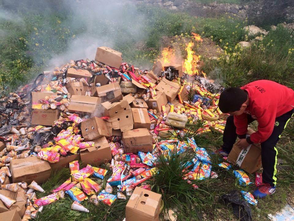 خبر ناشطون يحرقون منتجات اسرائيلية في نابلس
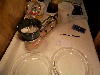 Pans at 40 minutes, and about done. The color of the mixture has subtly changed from bluish-white to light ivory. This does not show in the photos. Again note that the amber color of the rear-left pan is an illusion - they are both the same color, more like the front-right pan..
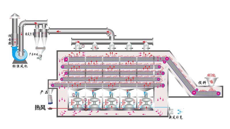 廣泛應用於(yú)冶(yě)金助劑、化工(gōng)、食品、包裝等領域。多層帶式幹燥機已具備(bèi)滿足大生產、多元化、集中(zhōng)控製、連續生產的能力(lì)。具有(yǒu)高效、節能、易於管理的優勢。如:脫水蔬菜、顆粒飼料、味精、椰蓉;有機顏料、合成橡膠、丙稀纖維、藥品、藥材、木製品;塑料製品、電子元器件老化、固化、冶金助劑、化(huà)工、食品、包裝等。
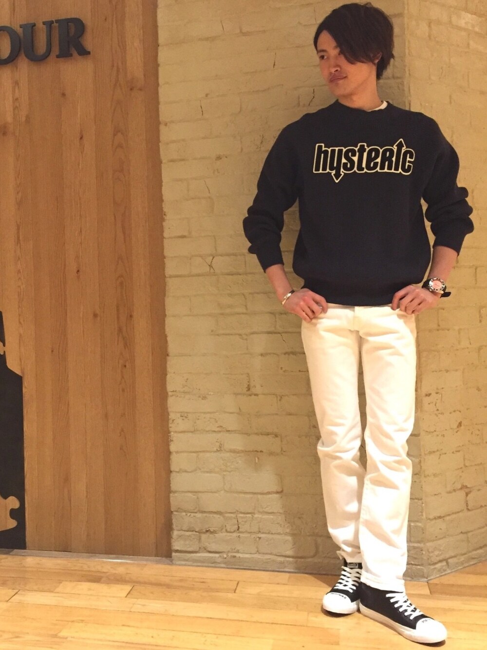 obi(HYSTERIC GLAMOUR銀座マロニエゲート店)のニット/セーター「HYSTERIC LOGOワッペン プルオーバー」を使ったコーディネート
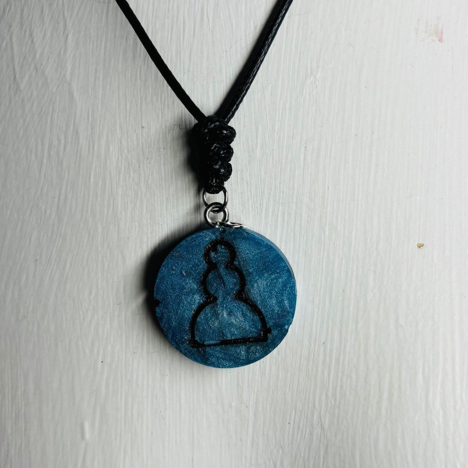 Smooth Blue Pawn - Handmade Resin Chess Necklace
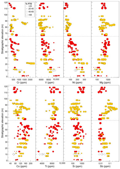 The relationships between the stratigraphic elevation and eight of the elements that were determined by LA-ICP-MS to be in titanomagnetite (Cr, V, Ni, Mg, Co, Ti, Si, and Sb). The symbol shapes and colours are as in Figure 8a. The circle sizes represent the abundance of FTO (Fe-Ti oxides) in rocks. The dashed line corresponds to the 65-meter-height level (see text for details).
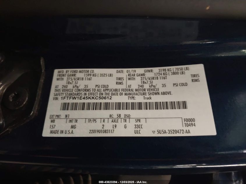 2019 FORD F-150 2019 року Бензин, 3.5, Полный привод, vin - 1FTFW1E45KKC50612 из США
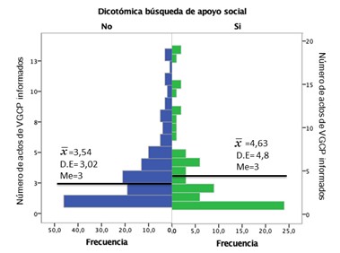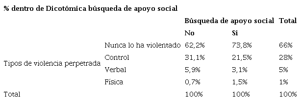 Con el fin de analizar con mayor profundidad la dinámica de victimización y perpetración de violencia según la búsqueda de apoyo social, se compararon nuevamente los mismos datos para el subgrupo de mujeres que informaron VGCP (n=200) comparando el grupo Si-AS (n=65) con el grupo No-AS (n=135), de ahí que las prevalencias señaladas anteriormente en el segundo párrafo de hallazgos varíen.
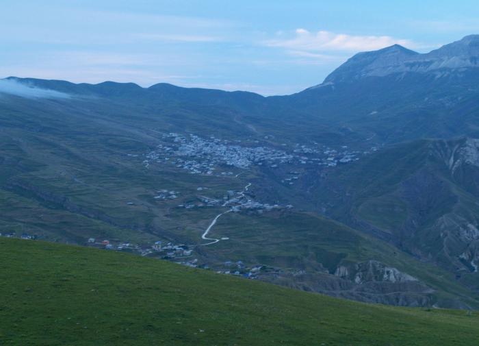 Вспоминаю о том, что все-таки еду в Ботлих, только тогда, когда через пару-тройку часов езды впереди появляется какое-то селение, живописно раскинувшееся на склоне горы.

=== ABOUT THIS EXERCISE ===
Reproduce the data above exactly, but only the lines from the one showing "Pans at 40 minutes, and" through the one showing "廣泛應用於(yú)冶(yě)", with both ends kept and the pictures left out.

=== OUTPUT FOR THIS TASK ===
 Pans at 40 minutes, and about done. The color of the mixture has subtly changed from bluish-white to light ivory. This does not show in the photos. Again note that the amber color of the rear-left pan is an illusion - they are both the same color, more like the front-right pan..
 廣泛應用於(yú)冶(yě)金助劑、化工(gōng)、食品、包裝等領域。多層帶式幹燥機已具備(bèi)滿足大生產、多元化、集中(zhōng)控製、連續生產的能力(lì)。具有(yǒu)高效、節能、易於管理的優勢。如:脫水蔬菜、顆粒飼料、味精、椰蓉;有機顏料、合成橡膠、丙稀纖維、藥品、藥材、木製品;塑料製品、電子元器件老化、固化、冶金助劑、化(huà)工、食品、包裝等。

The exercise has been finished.